It is all or nothing. If we are denied our rights, then I say we come down hard and protest like nothing they have ever seen. This is ridiculous.


April 29th, 2015

I keep thinking there will be a different split decision, namely, that states cannot discriminate against same-sex couples (question 1 argued), but have leeway on recognizing marriages performed elsewhere (question 2). Having question 1 ruled in our favor would make question 2 moot as far as same-sex couples are concerned, but would still let states refuse, say, polygamous marriages from overseas.

casus fortuitus

May 2nd, 2015

This whole “until 2001, no society ever recognised same-sex marriage” line of argument that Alito seemed obsessed with is nonsense. Even if it were true, it doesn’t provide the Court with an excuse not to apply today’s law. And it’s simply not true, as even cursory research shows. Counsel for the petitioners should really have been better prepared for this.

Also, Alito doesn’t understand democracy, if he’s convinced by his own argument that it must be for the ballot box and never for the courts to resolve a question like same-sex marriage. The only thing that distinguishes it from mob rule is respect for the fundamental human rights of everyone, so that the majority can never use its de facto legislative supremacy to oppress any minority. But the only remedy that members of minorities have is judicial – by definition, a minority can’t win a fight at the ballot box against the majority.
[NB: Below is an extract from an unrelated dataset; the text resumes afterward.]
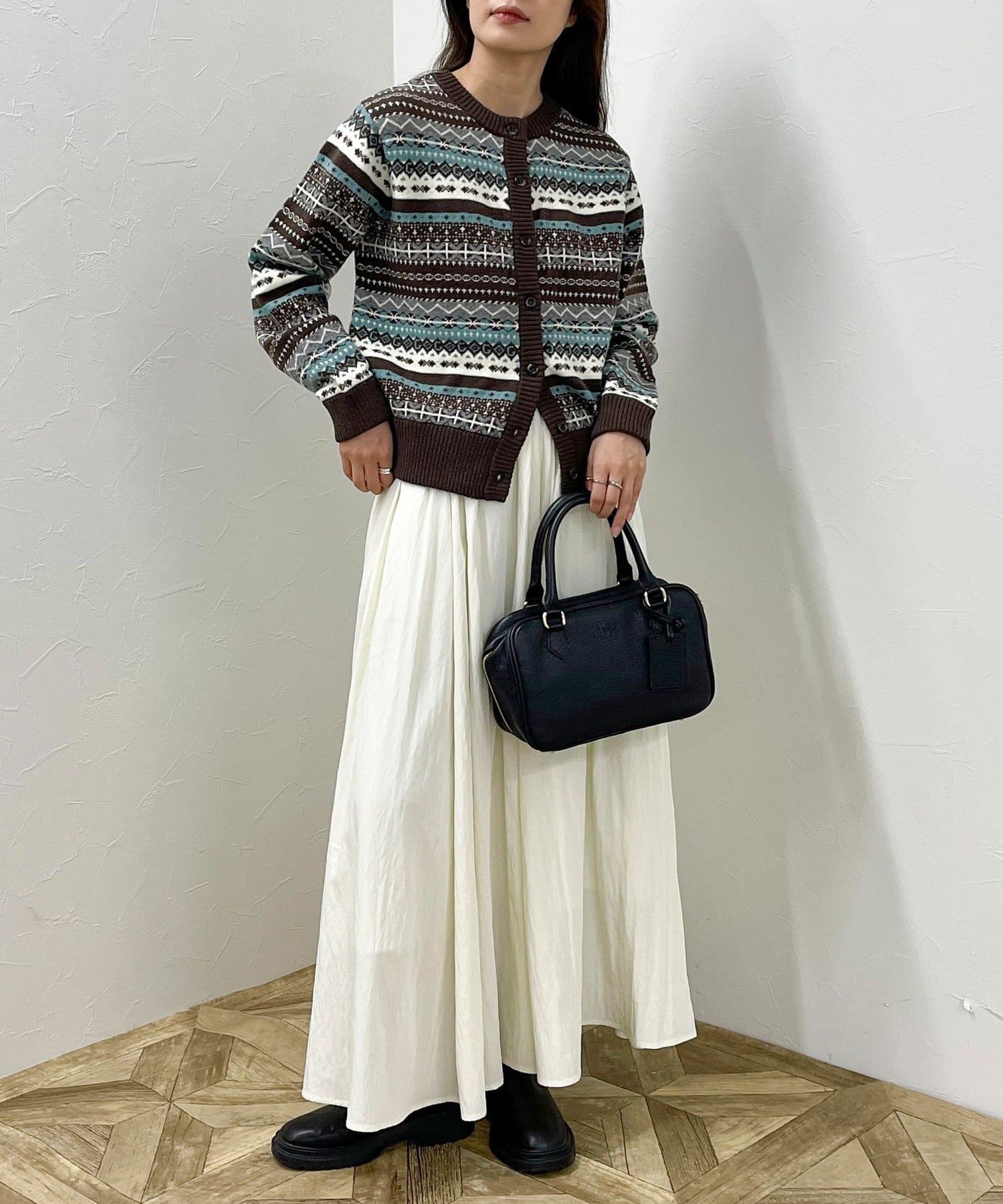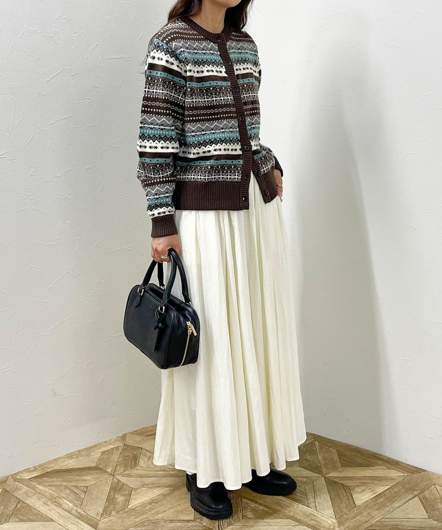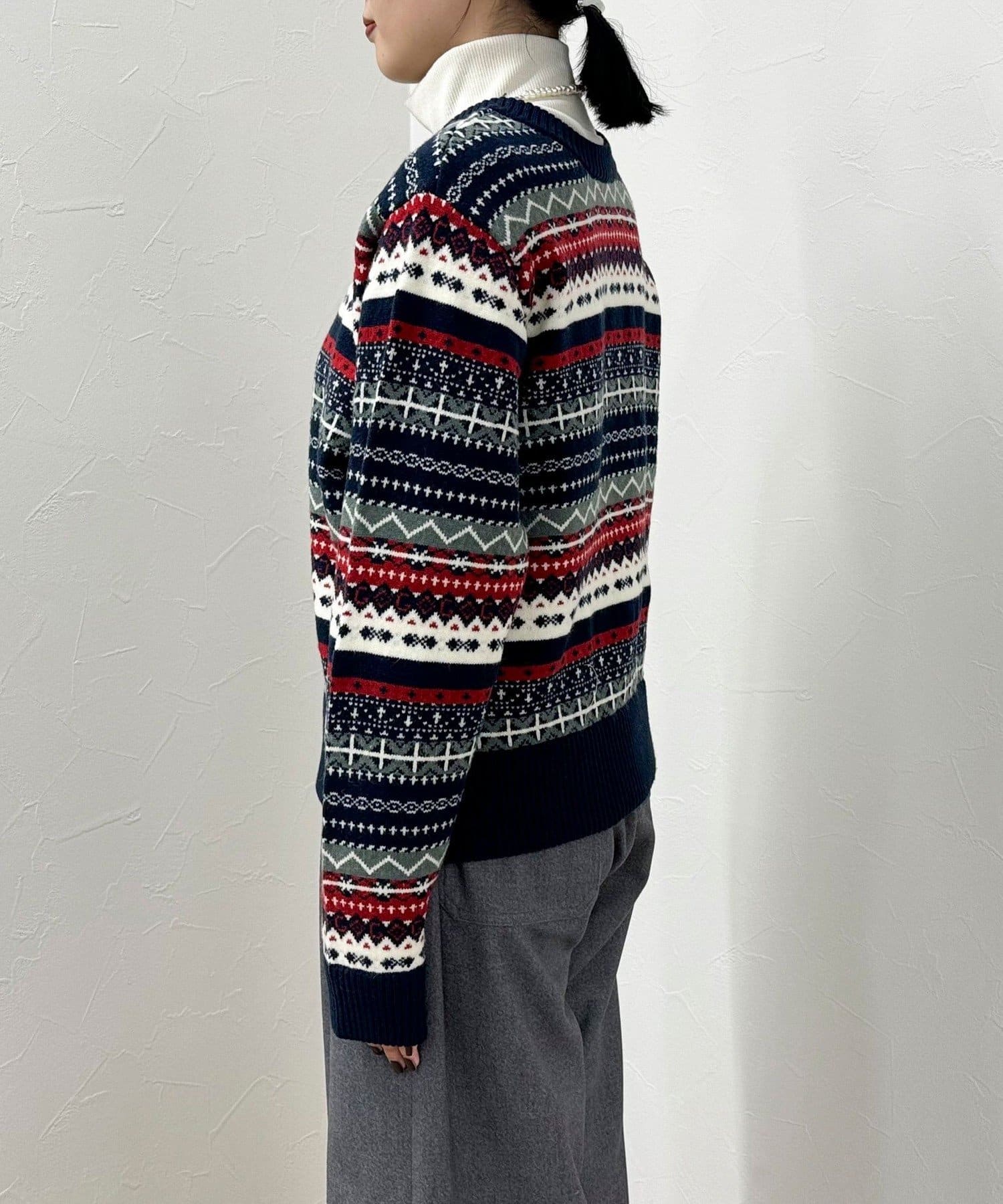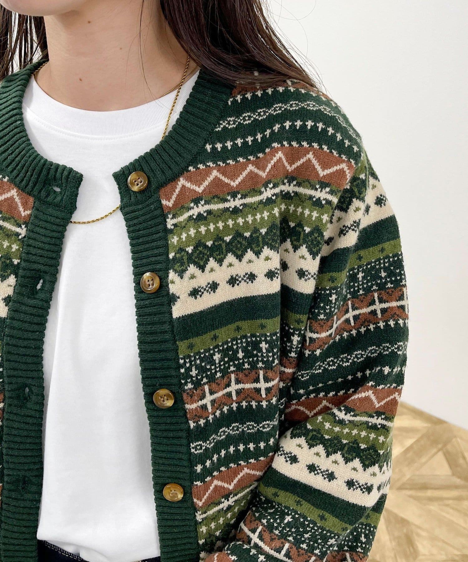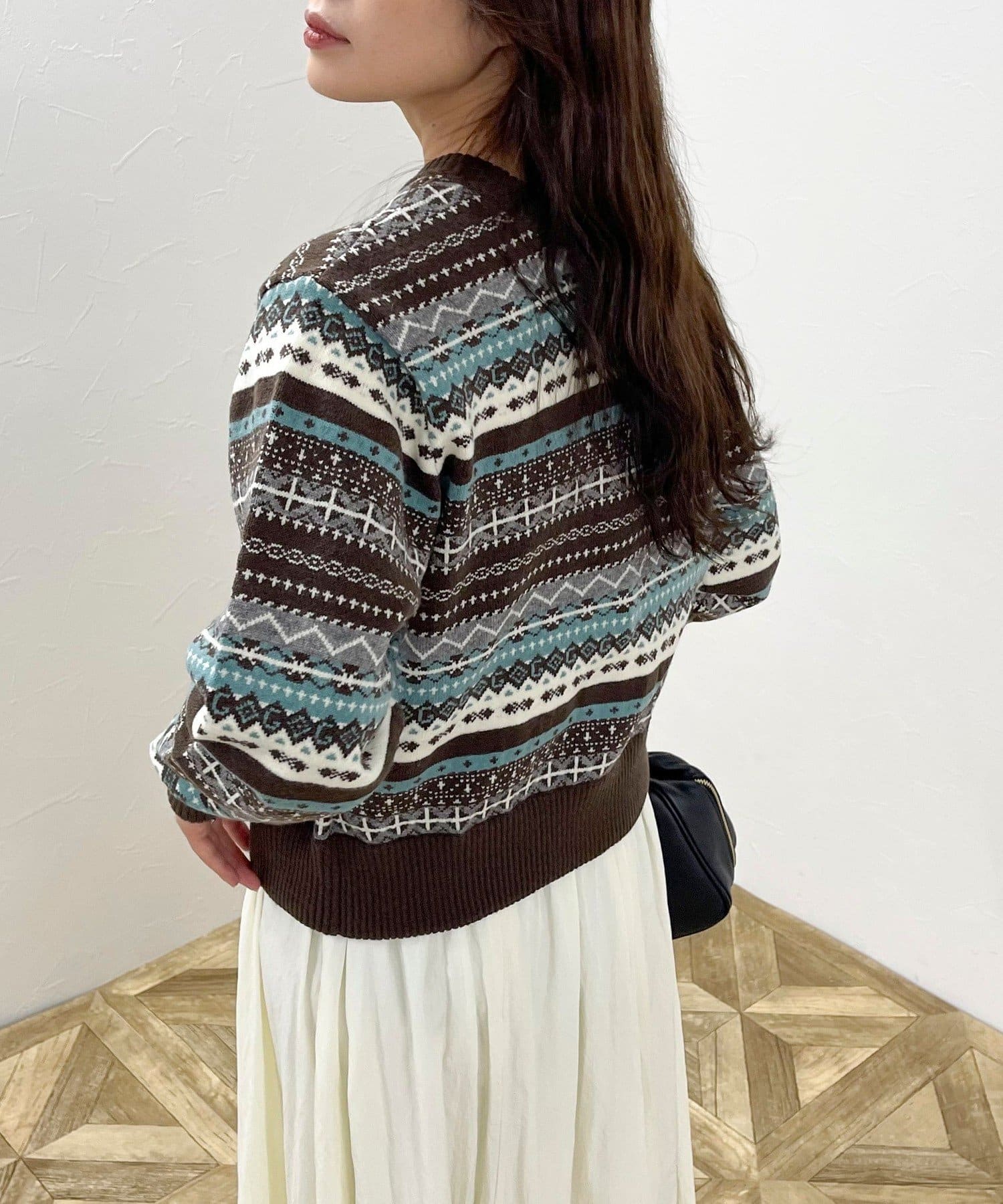 ・シーズンムード高まるフェアアイル柄がコーデの主役になるカーディガンです

There’s no more important or appropriate role for the courts than to enforce the fundamental rights of the marginalised, the despised and the disenfranchised.

I could go on, if I thought there was any point.

I’ve studied law in the UK, so perhaps I’m just absolutely ignorant of the way the law is practiced in the US, but I have to say, I’m surprised at the quality of legal argument here.

enough already

May 2nd, 2015

Maurice Lacunza,
I know the ideal form of protest for us, as queer people – all of us actually getting out and voting.
Not likely to happen, though.

Casus Fortuitus,
I’m German, have lived in the US for decades and, yes, American law has nothing to do with justice. Oppression of minorities and mob rule pretty much are the way things are done here.
It’s the ‘first-past-the-post’ election system combined with a two-party scheme adulterated by voter turnout.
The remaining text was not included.